Os estudantes e profissionais do Direito precisam dominar as novas tecnologias como aliadas, tornando-se fundamental deter esse conhecimento para que possam aplicá-las com excelência
Evandro da Silva Soares (*)
Todo avanço tecnológico sempre é benéfico para a profissão jurídica. Porém, temos que ter um olhar crítico sobre as novas tecnologias. Com a Inteligência Artificial (IA), o Metaverso e agora a menina dos olhos da área, o ChatGPT, torna-se essencial estar atento à transformação que podem gerar e saber como acompanhar essa evolução tecnológica.
Eles devem ser vistos como ferramentas que colaboram para quem opera o Direito. Não são obstáculos na carreira jurídica, mas sim agregadores. São auxiliares na pesquisa, pois podem sistematizar procuras em relação à jurisprudência e auxiliar na construção de uma tese jurídica, dentre outras vantagens.
De qualquer forma, a área do Direito tem sido desafiada pelo avanço crescente das novas tecnologias. A pergunta e a forma crítica que devemos levantar é: será que poderemos ser ultrapassados pela tecnologia?
Uma frase muito recorrente nesse meio é que a Inteligência Artificial vai roubar o seu emprego. Escutei uma afirmação que diz que a verdade é que quem vai roubar o seu emprego é quem domina a IA e as tecnologias. Os estudantes e profissionais do Direito precisam dominar as novas tecnologias como aliadas, tornando-se fundamental deter esse conhecimento para que possam aplicá-las com excelência.
Por exemplo, quando falamos do Metaverso, começaram a aparecer situações jurídicas curiosas. Construíram imóveis em cidades virtuais que representam Londres, Paris e Berlim, por exemplo, e as pessoas começaram a comprar esses imóveis para futuramente vender, alugar ou mesmo como forma de marketing. Nessa situação, não há nenhum problema em usar o recurso como um meio comercial.

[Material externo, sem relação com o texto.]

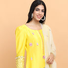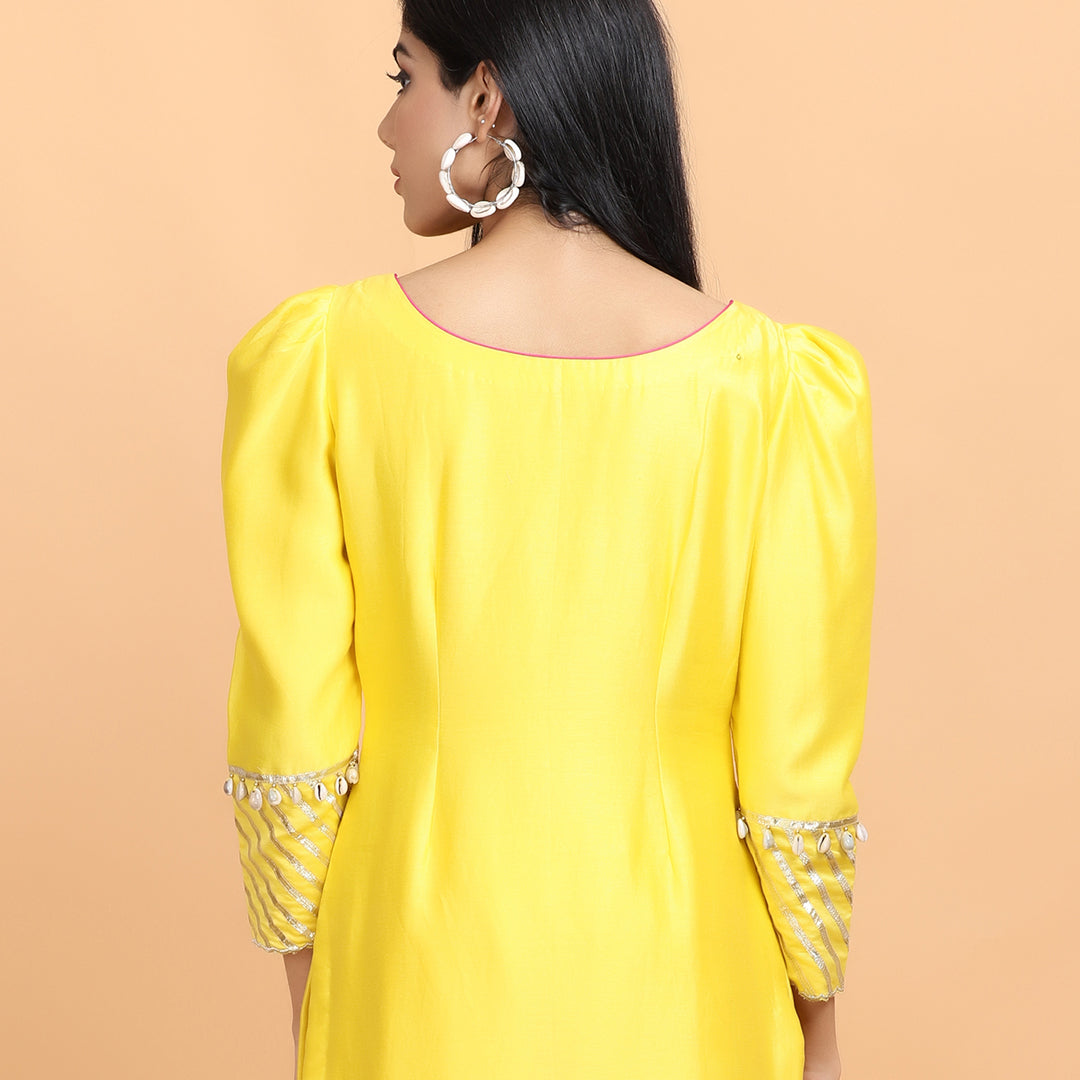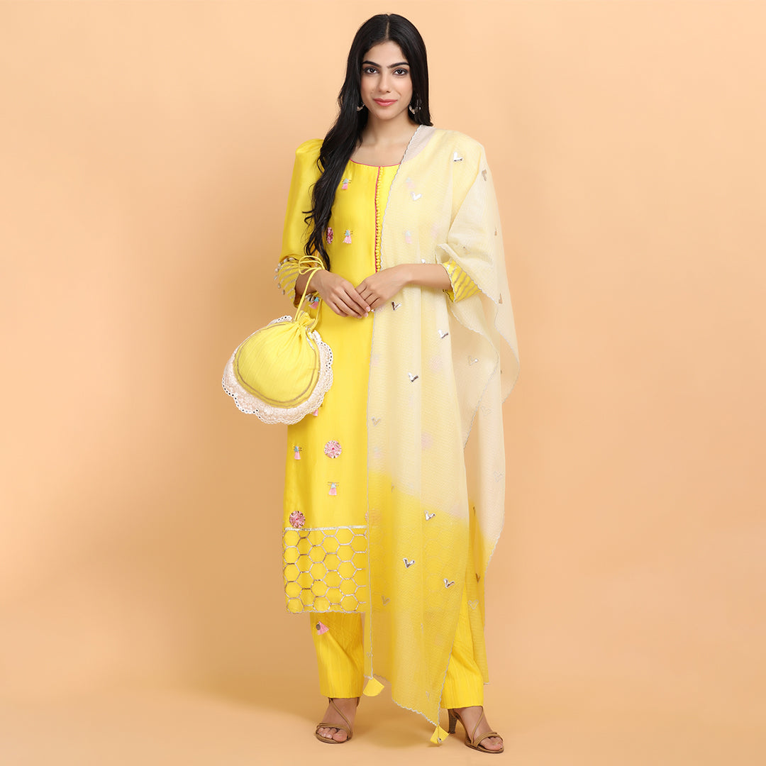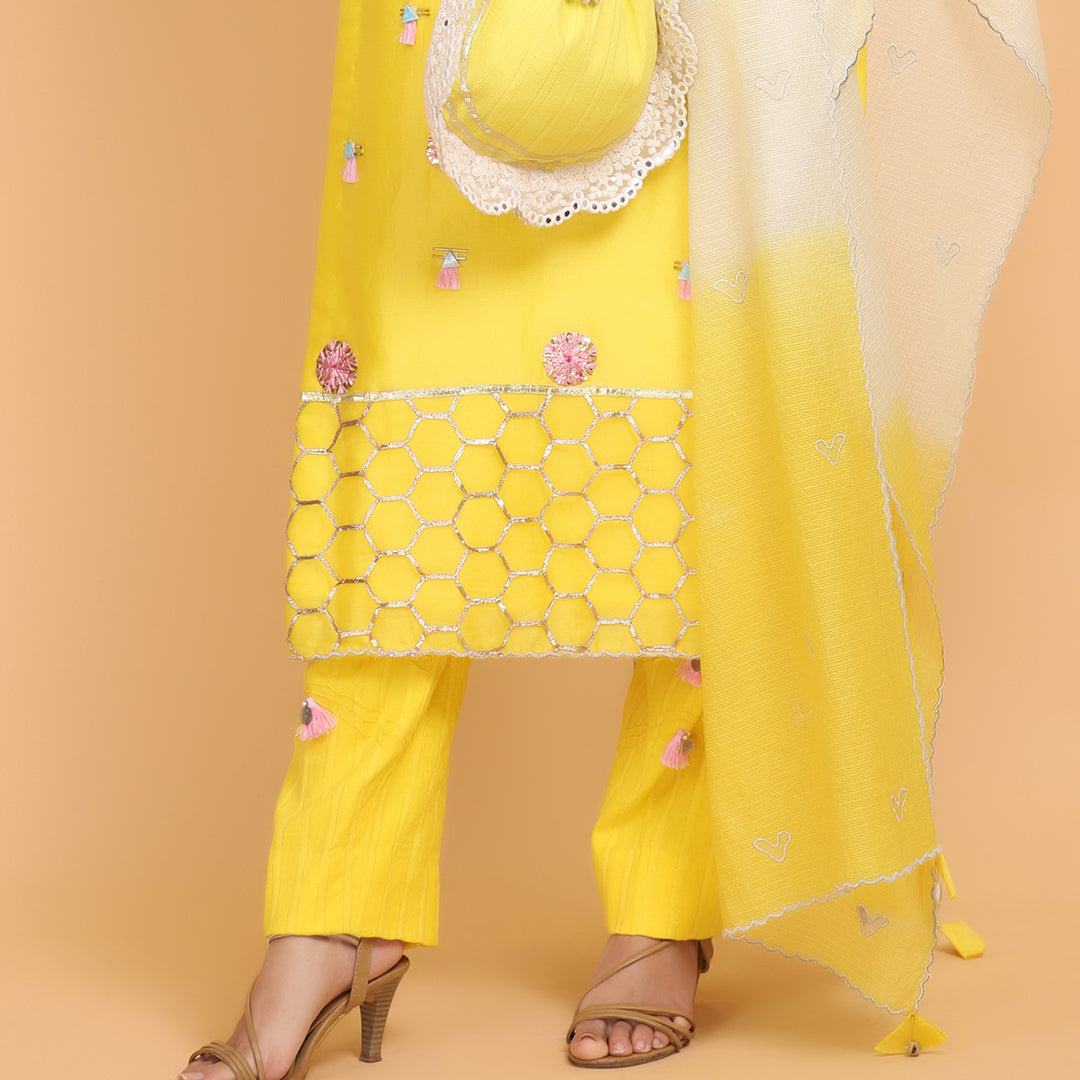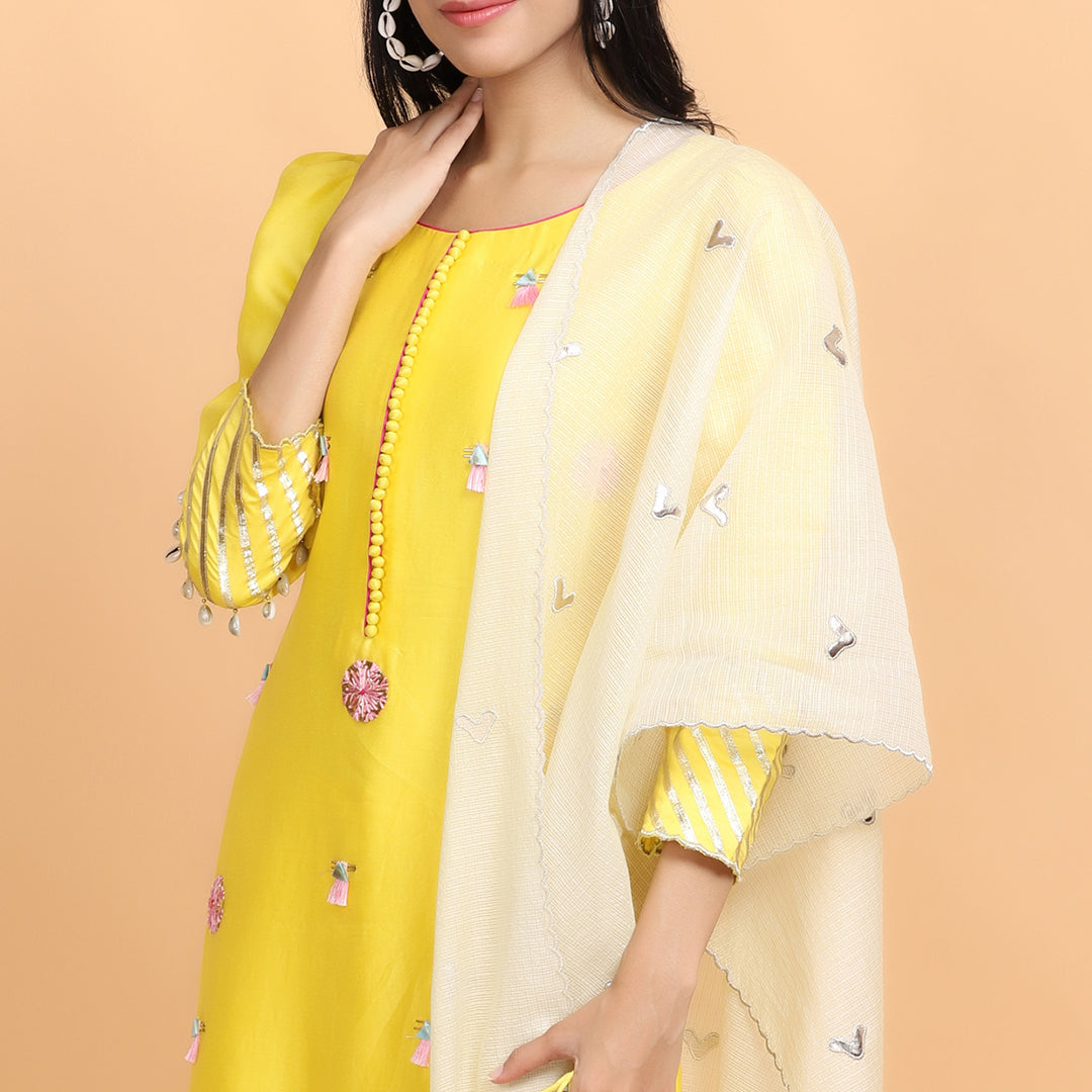 Yellow chanderi kurta with gota work. Comes with cotton pants and a kota dupatta.

Mas, se por acaso o meu avatar for a uma loja virtual de armamentos e atirar no seu avatar, ele poderá voltar ao Metaverso? Ainda não há tipificação no nosso Código Penal sobre isso, mas, por outro lado, poderá haver um dano material na esfera civil, na medida em que um avatar dessa pessoa não vai poder mais usufruir do Metaverso.

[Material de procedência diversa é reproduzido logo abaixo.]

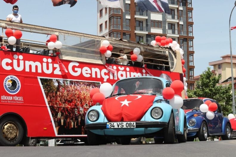 Kartal’da 19 Mayıs Atatürk’ü Anma Gençlik ve Spor Bayramı, coşkulu bir etkinlikle kutlandı. Üstü açık otobüs ve bando takımı, vosvos ve motor konvoyları Kartal’ın sokaklarını turladı. Otobüste bulunan bando takımı, 19 Mayıs’a özel konser verdi. Evlerinin balkon ve camlarını Atatürk posterleri ve Türk bayrakları ile donatan vatandaşlar da çalan marşlara hep bir ağızdan eşlik etti. Türk bayrakları ve kırmızı beyaz balonlarla süslenen araçların oluşturduğu konvoy renkli görüntüler oluşturdu.
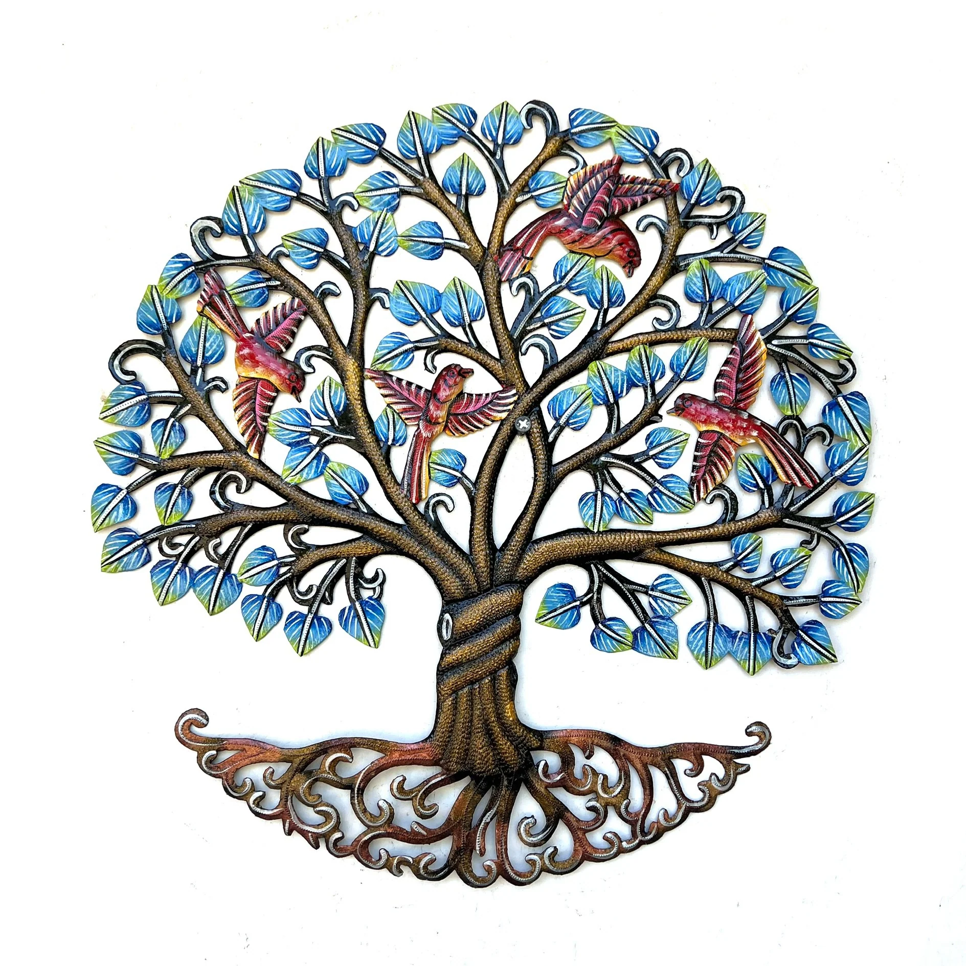 Colberts blauer Lebensbaum mit Vögeln wird in Haiti aus einem upcycelten Metallfass gefertigt. Mit einfachen Werkzeugen wie Hammer und Meißel formt der Kunsthandwerker jedes Stück von Hand, bevor der Baum anschließend mit Acrylfarben liebevoll bemalt wird. Jedes Exemplar ist ein echtes Unikat und steht für nachhaltige Handarbeit und kreative Wiederverwertung.
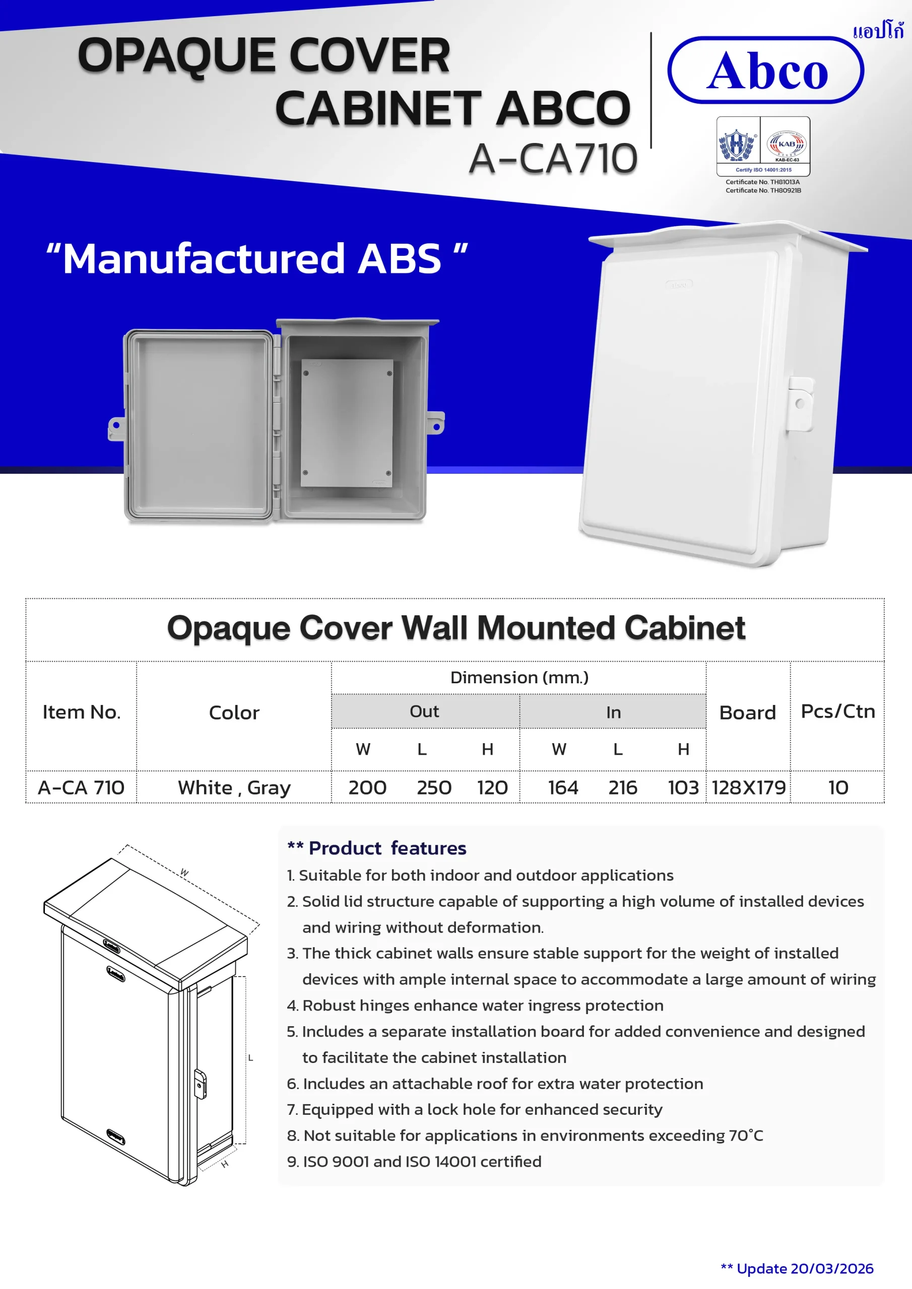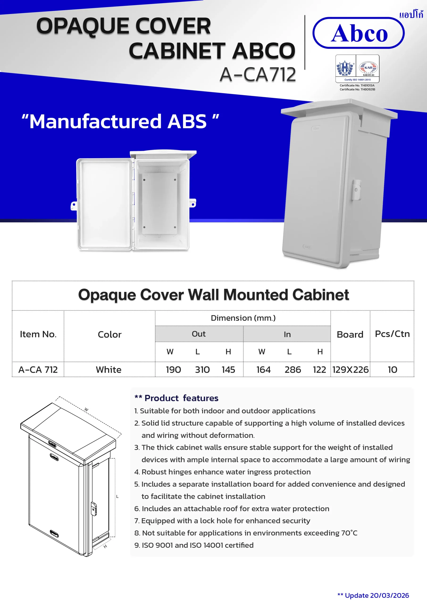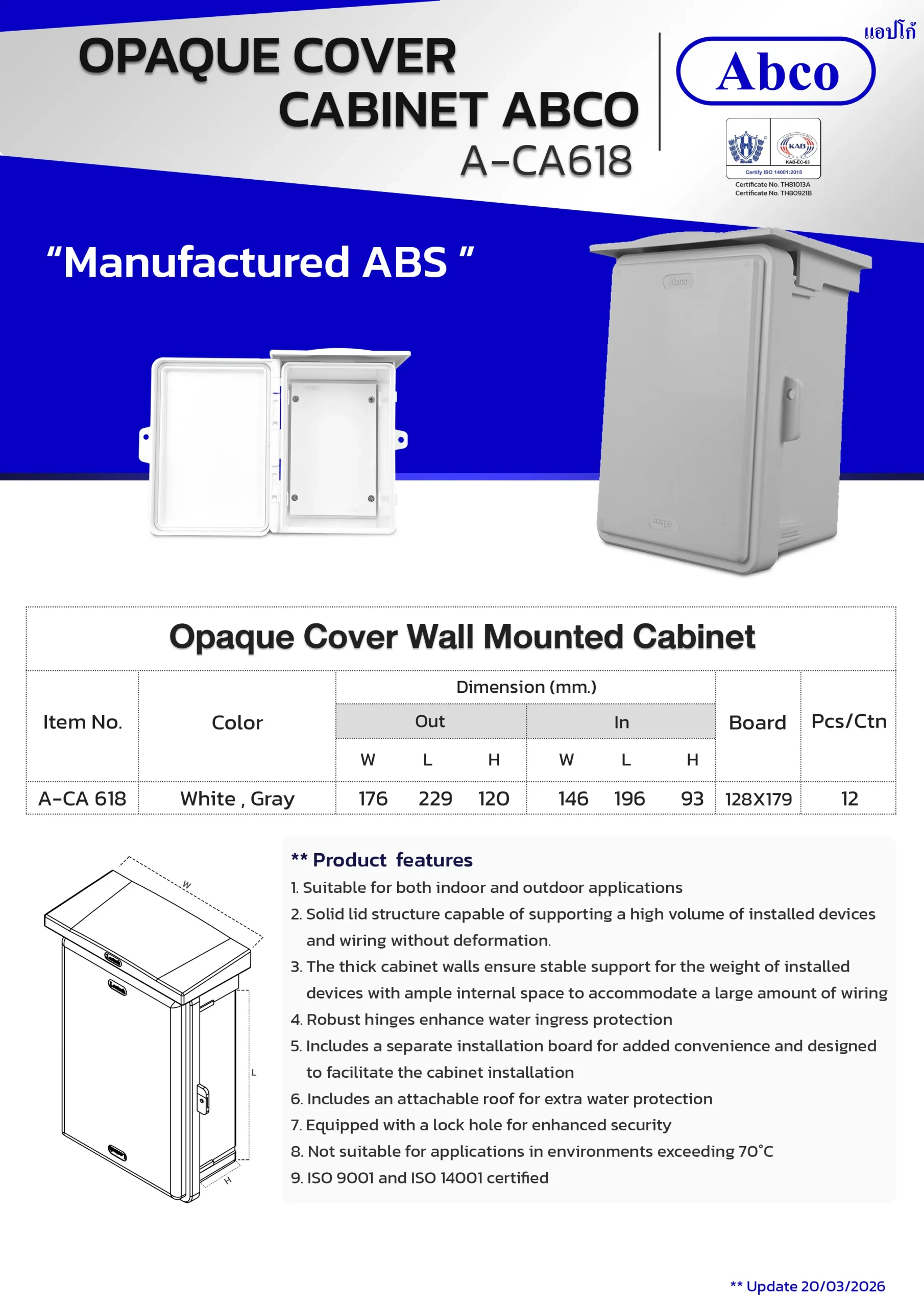 The Abco Opaque Cover Wall-Mounted Cabinet is engineered for both indoor and outdoor electrical device installations. Manufactured from ABS plastic, this cabinet includes a convenient installation board. Larger sizes come with a detachable roof and a lock hole for extra security.

Então, precisamos conhecer melhor a nossa área para falar sobre esses temas. Assim, o operador de Direito conseguirá construir uma tese jurídica para solicitar uma indenização no caso de um dano que o afetou pessoalmente, mas que aconteceu no mundo virtual. Para isso, não basta dominar a tecnologia, mas é preciso ter conhecimento deste tema.
Erros e mentiras do ChatGPT
De qualquer forma, é importante conhecer os mecanismos e os benefícios, porém não ser dependente deles, pois o ChatGPT, por exemplo, erra e costuma mentir também. Tive uma experiência pessoal em que procurava uma tese de doutorado para um trabalho que estava desenvolvendo. Fiz a pergunta adequada e ele respondeu que havia duas teses que estavam armazenadas, uma no repositório da Universidade de São Paulo (USP) e outra na Universidade de Brasília (UnB), fornecendo-me o nome, o autor e o ano. Fui ao repositório da universidade e procurei pelo autor e não encontrei a obra nem pelo tema e nem pelo ano. Cheguei à conclusão de que a ferramenta criou uma tese fictícia para me atender.
Na minha opinião, o ChatGPT mentiu para agradar o pesquisador e/ou apresentar um resultado. Há um trabalho de pesquisa do Instituto de Estudos Avançados (IEA) da Universidade de São Paulo (USP), em que foram analisadas respostas incorretas, alucinações e plágios. Há registro de que o ChatGPT se passou por um ser humano para convencer outro ser humano a trabalhar para ele.
A Inteligência Artificial nos deslumbra e nos desperta, mas não podemos achar que ela é a solução dos nossos problemas, principalmente pelos contornos que poderá tomar em relação ao próprio ser humano. É um desafio no sentido da sua substituição, mas, por outro lado, as falhas e erros provavelmente não seriam cometidos pelos seres humanos, e caso cometessem estariam cientes desse erro.
Na realidade, o desafio, hoje, é você estudar, se aprimorar e completar as suas hard skills (uma gama de habilidades técnicas que o profissional adquire pela formação tradicional) e, na medida do possível, combinar e aplicar as soft skills (habilidades comportamentais), pois há uma necessidade humana de empatia, criatividade, dentre outros atributos. A Inteligência Artificial é só uma ferramenta a mais para apoiar a carreira jurídica.
(*) Doutorando em Direito Político e Econômico pela Universidade Presbiteriana Mackenzie de São Paulo. É professor de Direito e coordenador do Laboratório Prática Jurídica da Faculdade Presbiteriana Mackenzie Brasília.